SOURCE DATA >>

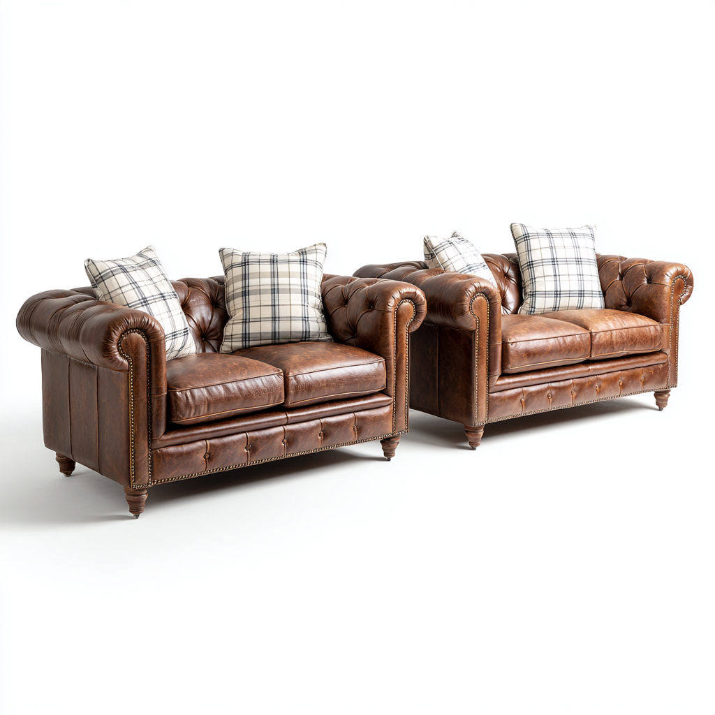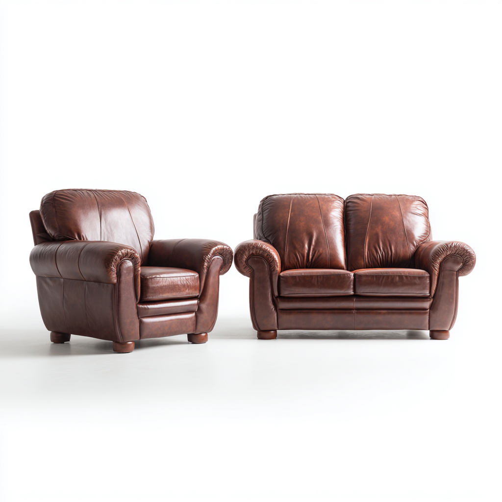 Set di divani - Pelle - 165x90x78 cm - Marrone - Stile classico elegante
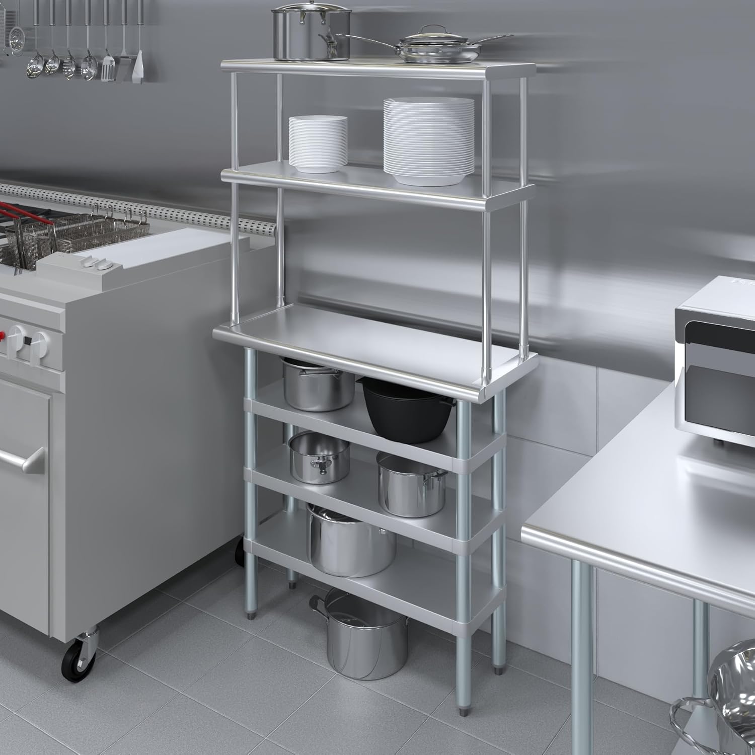 - WORK SAFETY: Work table top and double tier adjustable shelves are constructed from 18-gauge stainless steel, making this restaurant prep and serve table and double tier shelf combo set is durable and long lasting. The table top comes with a galvanized under-shelf for additional storage and adjustable legs for convenience. This table and shelf set is specifically designed and finished for use in a commercial or industrial setting, but is just as reliable in the home.
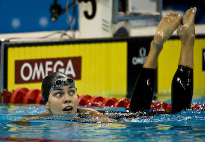 California's Dana Vollmer posted the fastest final 50 meters to claim the title in 58.42. She dropped a 30.54 on the way home to track down both Christine Magnuson and Natalie Coughlin. Magnuson, representing Tucson Ford, finished second in 58.54, while Coughlin, swimming for California in her first meet back after the 2008 Beijing Olympics and a stint on Dancing With The Stars, took third in 58.94. Trojan's Jessica Hardy completed the sub-minute times with a 59.50 after going out in 27.79.
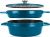 - Replaces seven common cookware pieces—use as a Dutch oven, roaster, casserole, sauté pan, stock pot, bread oven, or double boiler

TASK ITEM >>
Could you return the whole listing exactly, images excluded?

ANSWER AREA >>
 Set di divani - Pelle - 165x90x78 cm - Marrone - Stile classico elegante
 - WORK SAFETY: Work table top and double tier adjustable shelves are constructed from 18-gauge stainless steel, making this restaurant prep and serve table and double tier shelf combo set is durable and long lasting. The table top comes with a galvanized under-shelf for additional storage and adjustable legs for convenience. This table and shelf set is specifically designed and finished for use in a commercial or industrial setting, but is just as reliable in the home.
 California's Dana Vollmer posted the fastest final 50 meters to claim the title in 58.42. She dropped a 30.54 on the way home to track down both Christine Magnuson and Natalie Coughlin. Magnuson, representing Tucson Ford, finished second in 58.54, while Coughlin, swimming for California in her first meet back after the 2008 Beijing Olympics and a stint on Dancing With The Stars, took third in 58.94. Trojan's Jessica Hardy completed the sub-minute times with a 59.50 after going out in 27.79.
 - Replaces seven common cookware pieces—use as a Dutch oven, roaster, casserole, sauté pan, stock pot, bread oven, or double boiler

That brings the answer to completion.